Подготовка русского издания книги А.Г. Маша представляла собой большие трудности. Прежде всего, принятая у немцев система параграфов, сама по себе весьма организующая повествование, снабжена у автора примечаниями на полях, которые с известной долей вероятности можно считать заглавиями этих разделов. Вместе с тем, в ряде случаев на полях просто помещены отсылки читателя к соответствующим иллюстрациям. Однако для придания единообразия всему тексту примечания на полях в русском издании оформлены как названия параграфов, чего, видимо, Маш не предусматривал. Однако в качестве названий эти примечания гораздо удобнее для русскоязычного читателя в силу наших традиций.
Далее, выясняется, что гравюры художника были сделаны ранее их описания в тексте книги Маша, и они имели свою нумерацию. Однако Маш имел свою, иную последовательность рассмотрения гравюр, так что при ссылках Маш соблюдает логику рассмотрения, а не нумерацию художника. Поэтому после фиг. 9 он помещает фиг. 11, далее фиг. 13-17, затем фиг. 12, потом 18 и, наконец, 10. В двух случаях Маш ошибся и дал иной номер, чем начертал гравер, что видно на самом рисунке. Кроме того, часто два вида одной отливки, то есть вид спереди и вид сзади идут под одним номером фигуры, что также сбивает читателя с толку.
Путаницу дополнил переводчик, который зачем-то внёс свои иллюстративные примечания в фигуры гравера, причем ни в одном случае он не воспроизвёл оригинальной нумераций Маша и не счёл нужным дать нумерацию своим комментирующим рисункам. Пришлось отделять оригинальные иллюстрации от комментариев и снабжать их нумерацией; во избежание путаницы я назвал их "рисунками", а не "фигурами". К сожалению, за редким исключением, переводчик не приводил источников своего заимствования, что, действительно, производит впечатление легкого комментария, а не солидной исследовательской работы. Хотя сами по себе дополнительные иллюстрации могут показаться интересными, они больше соответствуют духу эпохи (когда славянские древности казались в Германии любопытной экзотикой), чем реалиям славянской мифологии. После больших колебаний эти иллюстрации переводчика решено было опустить.

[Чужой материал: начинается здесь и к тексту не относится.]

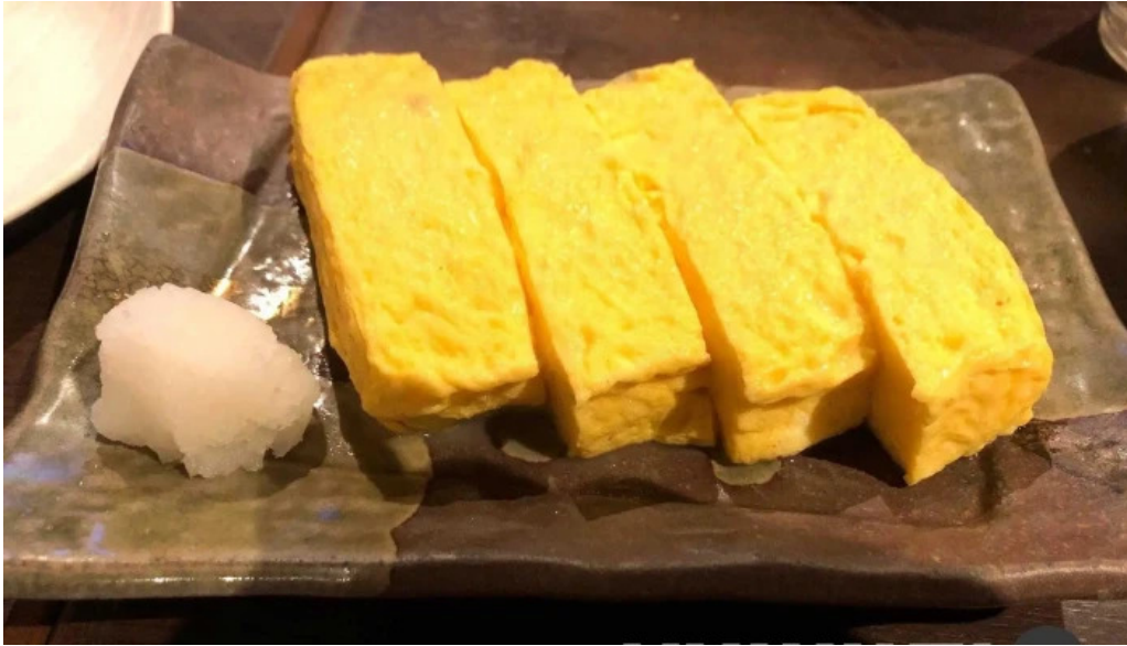
魚肴食堂 魚ふじ 卵焼き
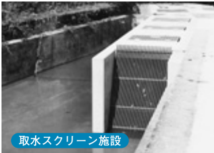
取水スクリーン施設

水車の運転状況は良好で、発電実績として平均で32kw(10/13~10/27)の発電を行っています。
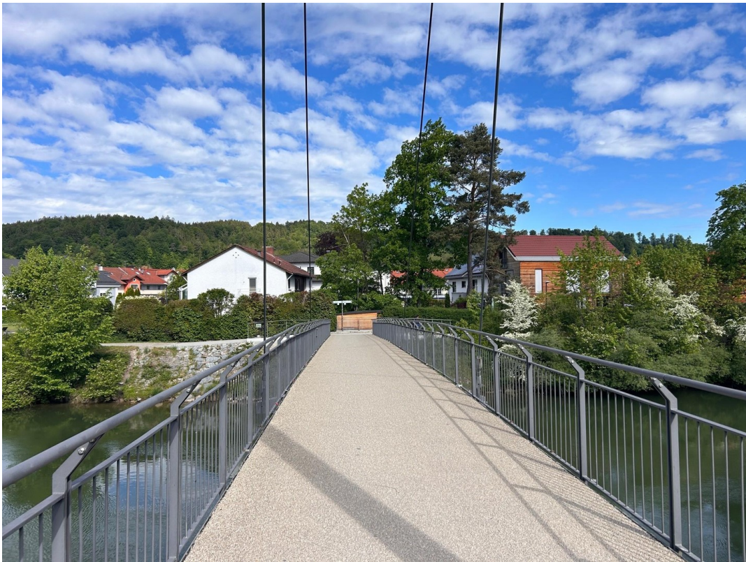
Fahrradbrücke ums Eck
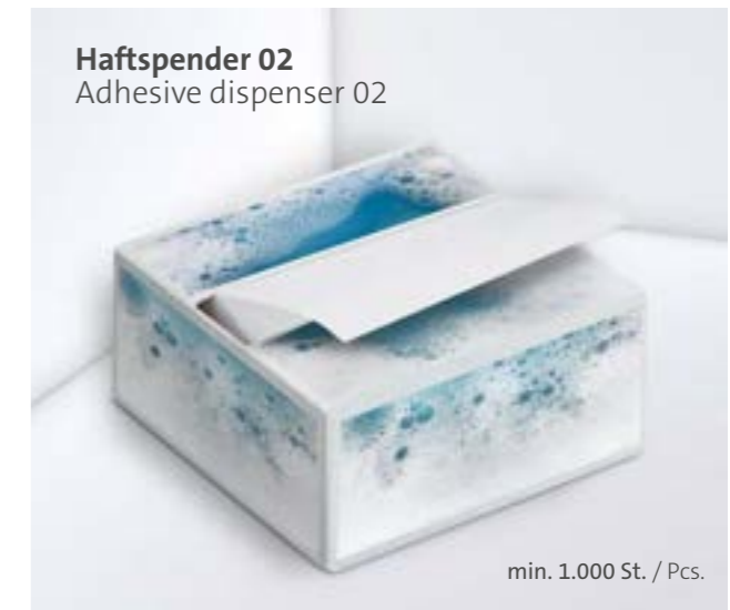
Haftspender 02 Adhesive dispenser 02
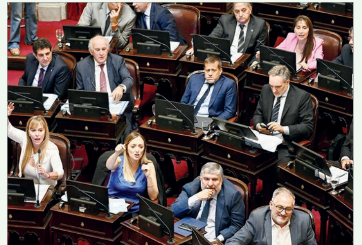
La oposición presiona para tratar el polémico decreto

En Diputados también se reportaron conversaciones opositoras para voltear el DNU si entra al recinto. Por la vía administrativa, el bloque de Unión por la Patria exigió que se convoque a extraordinarias para bajar el DNU que empodera y limita el control de la SIDE, mientras que Provincias Unidas pidió que la vicepresidenta Victoria Villarruel y el titular de la Cámara Baja, Martín Menem, llamen a conformar las comisiones Bicamerales de Trámite Legislativo y la de Seguimiento de las Actividades de Inteligencia.
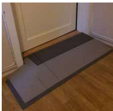
SecuCare terskeleliminator med 2-sidig påkjøring
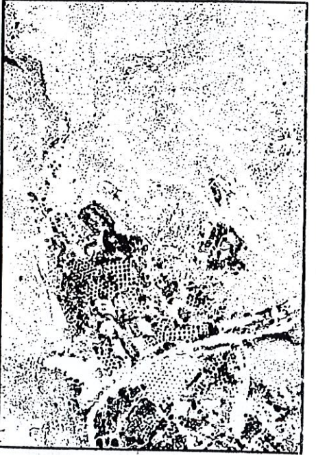
ΑΠΟΣΤΑΣΜΑ ΑΠΟ GOOGLE EARTH
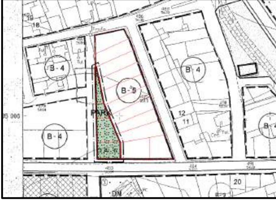
Őekil 6: Öneri 1/1000 Ölçekli Uygulama İmar Planı

İmar adasının çoğunluğunun yapılaşmış olduđu, ancak plan deđiŐikliđine konu olan parsellerin Planlı Alanlar İmar Yönetmeliđindeki standartları karŐılamadıđı için yapılaşamayacak durumda olduđu, söz konusu plan deđiŐikliđi ve sonrasında yapılacak kamulaŐtırma iŐleminden sonra bu mađduriyetin giderilebileceđi, bölgede yeŐil alan miktarının yetersiz olması sebebiyle plan deđiŐikliđi önerisiyle oluŐturulacak "Park Alanı" kullanımının bölgedeki yaŐam koŐullarını iyileŐtirilmesi amaçlanmıŐtır.
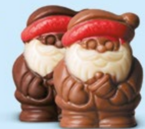
Duo praliné et caramel ou praliné et éclats de noisettes caramélisées
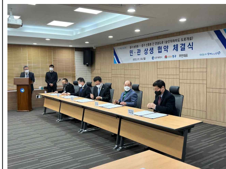
민·관 상생협약 체결식-중구(2022. 1. 3.)
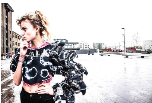
Model inspirovaný sochou The Gift Horse.

Mám pět příjemných spolubydlících, ze kterých čtyři chodí do stejné školy. Vzájemně si pomáháme, obě moje spolubydlící už mi posloužily jako modelky při focení oděvů. U nás v bytě jsem jediná ne-Britka! Škola mi zabere hodně času, ale i tak se snažím Londýn nasávat jak to jde. Často chodím do galerií na výstavy. Londýn je plný možností i překvapení, nikdy nevíte, co vás potká. Třeba nedávno se mi splnil jeden z mých snů, kdy jsem po mnoha letech obdivování její práce potkala francouzskou ilustrátorku Garance Doré, která již několik let žije v New York City, v rámci autogramiády její knihy. (hod)
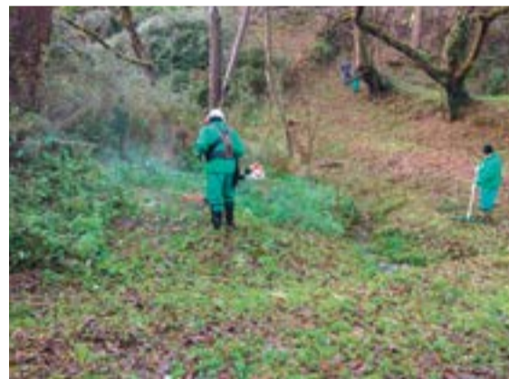
Actuaciones ejecutadas en Voto.

Durante los meses de enero y febrero se ha continuado con la realización de diversas actuaciones de limpieza, desbroce o eliminación de vegetación exótica invasora en los municipios de la Mancomunidad.
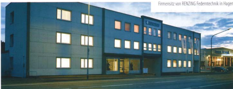
Firmensitz von RENZING Federertechnik in Hagen.
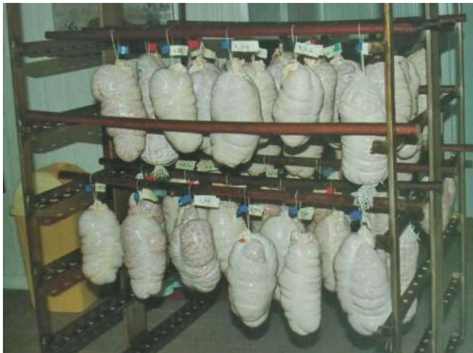
Slika 3. - Vješanje sirovog kulena na „pritke“ kolica

Sljedeći korak u proizvodnom procesu jest vješanje sirovog kulena na „pritke“ kolica ili „pritke“ fiksirane u pušnicama seoskih domaćinstava. U domaćinstvima se sirovi kuleni vješaju na „pritke“ fiksirane u prostoriji za zrenje ili pušnici. (Kovačević, 2014.)
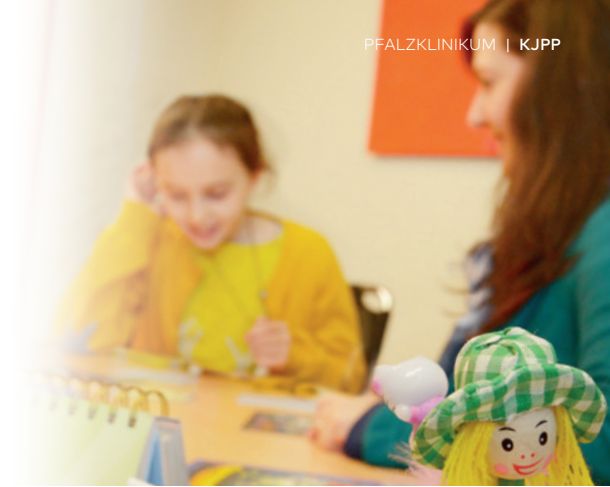
Einzelgespräche und Gruppenangebote, Schule und Freizeitgestaltung: Die Angebote sind vielfältig.
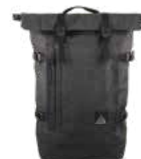
URBAN 2TONE BACKPACK 206002099
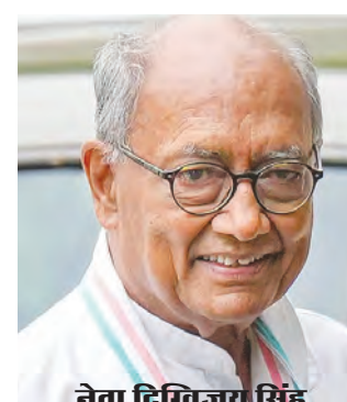
नेता दिग्विजय सिंह

लखनऊ, 26 मार्च (एजेसियां)। कांग्रेस से राज्यसभा सदस्य और दो बार मध्य प्रदेश के पूर्व मुख्यमंत्री दिग्विजय सिंह ने गुरुवार को दिन में अयोध्या में हनुमान गढ़ी के साथ रामलला मंदिर में दर्शन-पूजन किया। दिगी राजा के नाम से विख्यात दिग्विजय सिंह अयोध्या में भव्य राम मंदिर का निर्माण होने के बाद पहली बार रामलला का दर्शन करने पहुंचे थे। दर्शन-पूजन के बाद मंदिर प्रांगण से बाहर आए कांग्रेस नेता दिग्विजय सिंह ने कहा कि जब प्रभु का बुलावा आता है तो हर व्यक्ति आ जाता है इसलिए जब मुझे बुलावा आया, तो मैं उपस्थित हो गया।
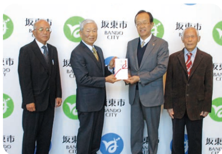
岩井グラウンド・ゴルフ協会
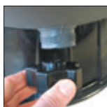
Tubo munito di tappo di grandi dimensioni, utile per lo smontaggio
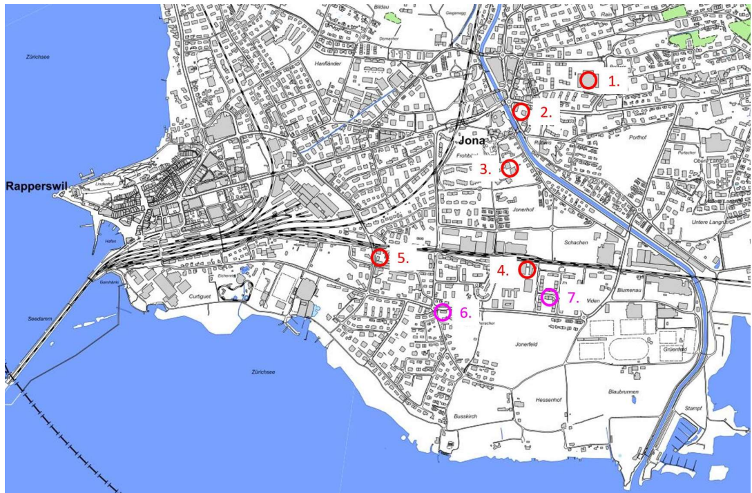
1. PS Bollwies, 2. PS Dorf, 3. PS Schachen, 4. PS Weiden, 5. PS Südquartier, 6. KG Busskirch, 7. Quartier-KG Weiden
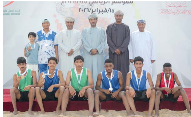
فريق صحم الحاصل على المركز الثاني

مجموعات ضمت المجموعة الأولى الرستاق والخابورة والسلام وصحم وخصب بينما ضمت المجموعة الثانية مسقط والمصنعة والعروبة ومصيرة والشباب في حين اقتضرت المجموعة الثالثة على ناديي صلالة والاتحاد قبل أن تتواصل المنافسات حتى المباراة النهائية التي شهدت تتويج مسقط بطلا للمنافسة.
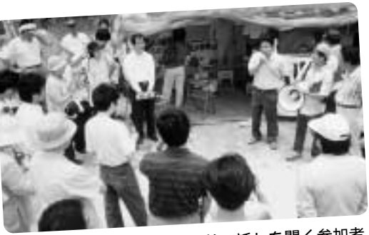
ヘリポート予定地団結小屋前で話しを聞く参加者
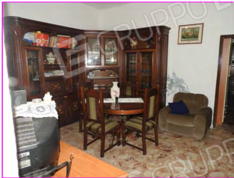
Scatto foto 7 :

D1 - unità immobiliare oggetto di perizia "abitazione"
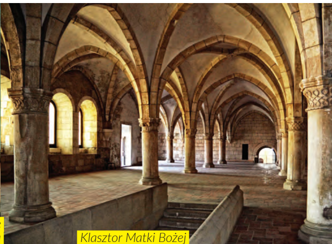
Klasztor Matki Bożej w Alcobaça.

twierdzą Santarém i ją zajmie, to wybuduje klasztor, w którym mnisi do końca świata będą śpiewać na chwałę Najświętszej Maryi Panny. Santarém zostało zdobyte, a Afonso wypełnił swe ślubowanie: na ziemię portugalską sprowadził mnichów cysterskich. Do ich wysłania św. Bernard z Clairvaux został przynaglony przez samo Niebo! (Ciekawe, że wątki objawień przewijają się przez dzieje Portugalii aż po Fatimę i dalej, po współczesność.) Mnisi zamieszkali w Mosteiro de Santa Maria de Alcobaça: klasztorze Matki Bożej w Alcobaça.
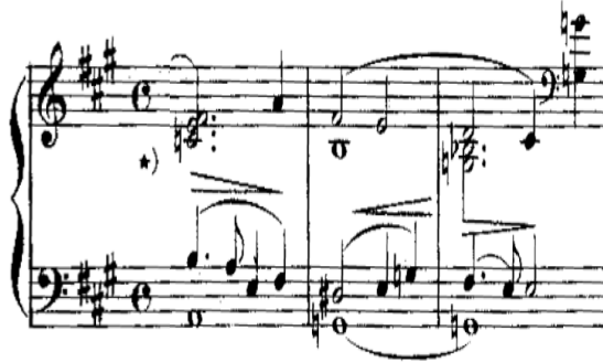
شكل رقم (٨) يوضح ٦م، ٧م، ٨م لأداء اللحن مع نغمة مستمرة
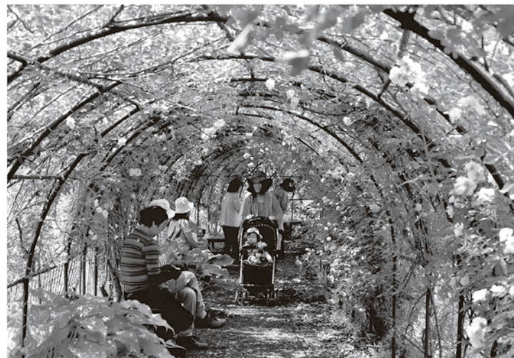
撮影場所／滝ノ入口スカーデン
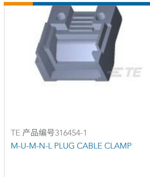
TE 产品编号316454-1 M-U-M-N-L PLUG CABLE CLAMP
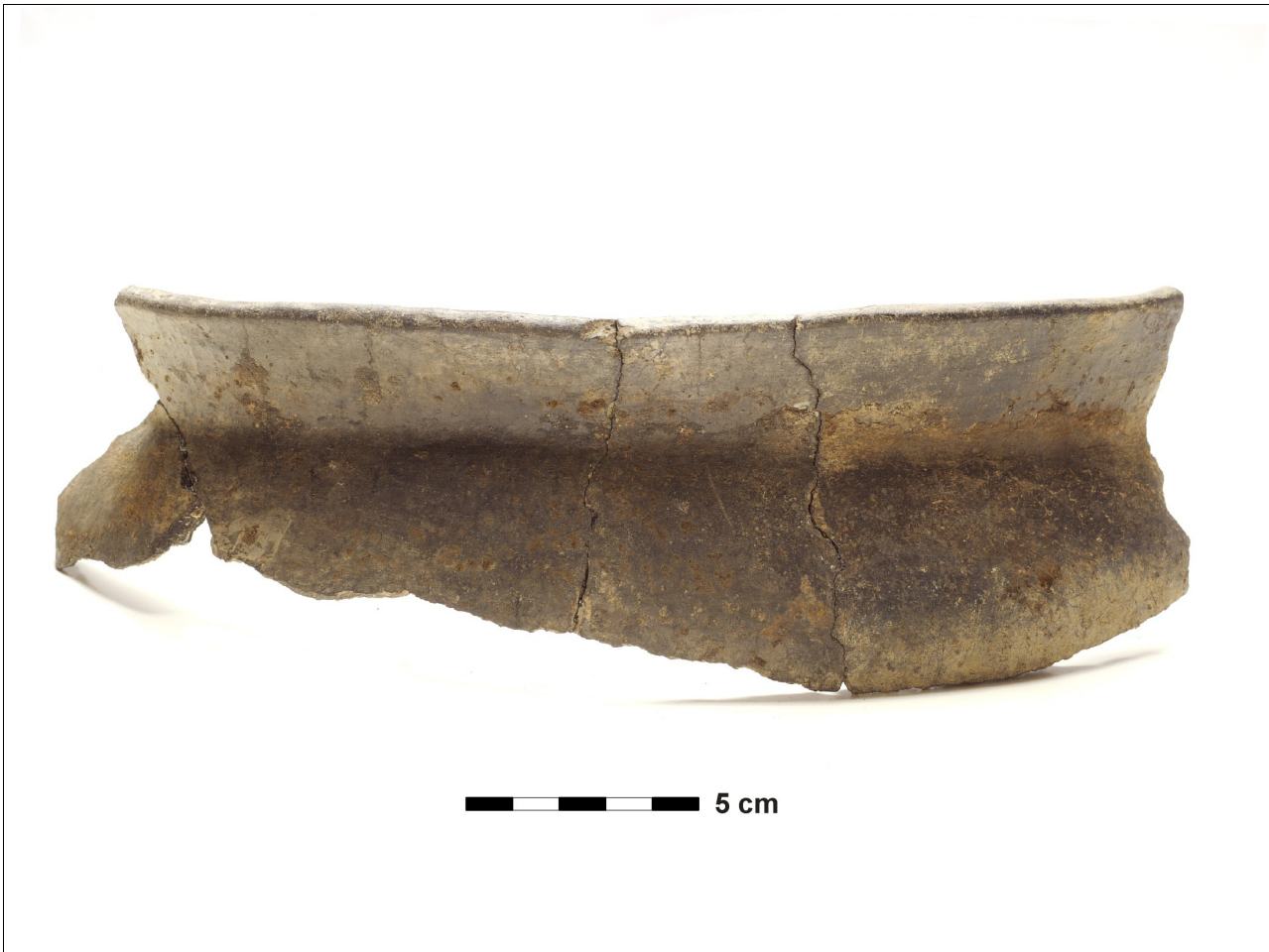
Figuur 8.1.5.1. Eelde, Groote Veen. Vondstnummer 340/1687, type G5, vroeg romeins (chrono-groep 12).
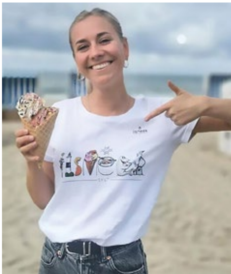
iismeer Shirt Oversized Look für Damen und Herren in L oder XL / 20,00 € Kids Gr. 122 oder Gr. 128 / 15,00 €
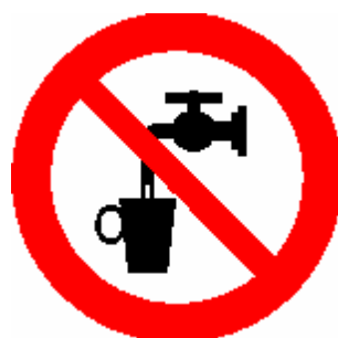
ACQUA NON POTABILE
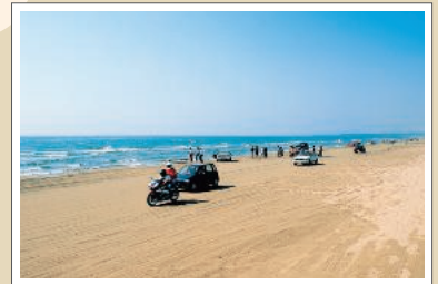
波打ち際を車で走ることができる羽咋市の千里浜なぎさドライブウェイ
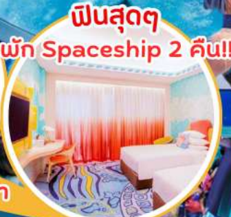
ฟินสุดๆ พัก Spaceship 2 คืน!!
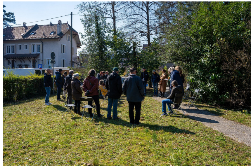
Atelier in situ sur le chemin de l'Etang du 5 mars 2022
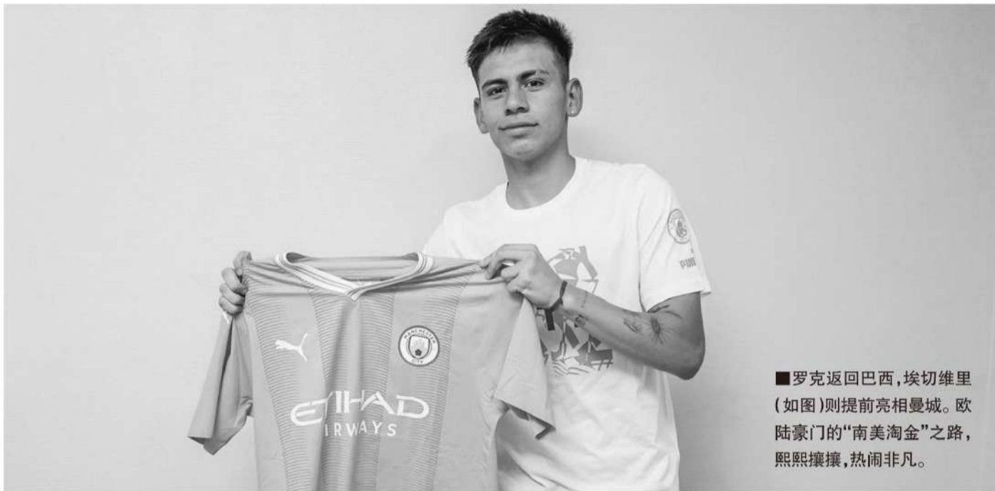
■罗克返回巴西,埃切维里(如图)则提前亮相曼城。欧陆豪门的“南美淘金”之路,熙熙攘攘,热闹非凡。

记者寒冰报道 刚过去的一周,欧洲足坛发生了两宗典型的南美“半成品”球员交易——巴西前锋罗克两年前18岁时被巴萨以最高价7400万欧元豪购,两年后20岁以2500万欧元低价被退回巴西;同时曼城官宣去年初签下的阿根廷19岁小将埃切维里正式入队,转会费高达2350万欧元。

С другой стороны, многие пристраничные комментарии А. А. Бычкова оказались весьма уместными; однако ссылки со звездочками, предложенные переводчиком, оказались негодными по причине того, что максимально можно иметь не более пяти звездочек, а затем опять начинать с одной, так что на одной странице может быть две сноски с одной и две – с двумя звездочками, что сбивает читателя с толку. Поэтому я предпочел дать сквозную цифровую нумерацию ссылок. Для отличия ссылок Маша от ссылок переводчика я поясняю в последнем случае ссылки словами "прим. перев.", то есть примечание переводчика.
Были устранены также некоторые лакуны и неточности перевода. Прежде всего, отсутствующее в тесте слово ИДОЛ, не свойственное славянским язычникам, а также самому Машу, заменено словом ОТЛИВКА, которое и использует Маш. Заменены и некоторые другие не вполне удачные русские эквиваленты немецких слов.
Сложности были и с редактированием самого перевода, поскольку немецкий язык XVIII века представляется сегодня уже относительно архаичным. И все-таки основная трудность состояла в ином, в самой трактовке славянской проблематики.
К моменту написания данного труда (1771 год) в немецкой историографии прочно укоренилось положение о том, что коренным населением Германии являлись немцы, тогда как славяне были пришлым и, так сказать, полудиким народом. Сама по себе книга Маша как бы подкрепляет это нелестное предположение о славянах, демонстрируя изображения их богов в виде львов с уткой на голове, полуживотных, или вообще каких-то монстров. Любопытно, что сочинения других немецких авторов изображают славянских богов все-таки в виде людей, причем не лишенных известной грации.
Заметим, что славянская мифология как целое в то время была совершенно неизвестна, да и германская мифология только начинала изучаться. В качестве образцов бралась греко-римская мифология, которая не только преподавалась в европейских школах наряду с данными классическими языками, но и сюжеты которой были в большом ходу в качестве прообразов для создания пьес, картин, скульптур, басен и других произведений классицизма. Конечно, недавно обнаруженная германская мифология проигрывала по сравнению с классическими образцами, и многими исследователями воспринималась как варварская, далекая от утонченных греко-римских аналогов. Что же касается славянской мифологии, доселе совершенно неизвестной, то она пугала своими зооморфными или многоголовыми изображениями богов.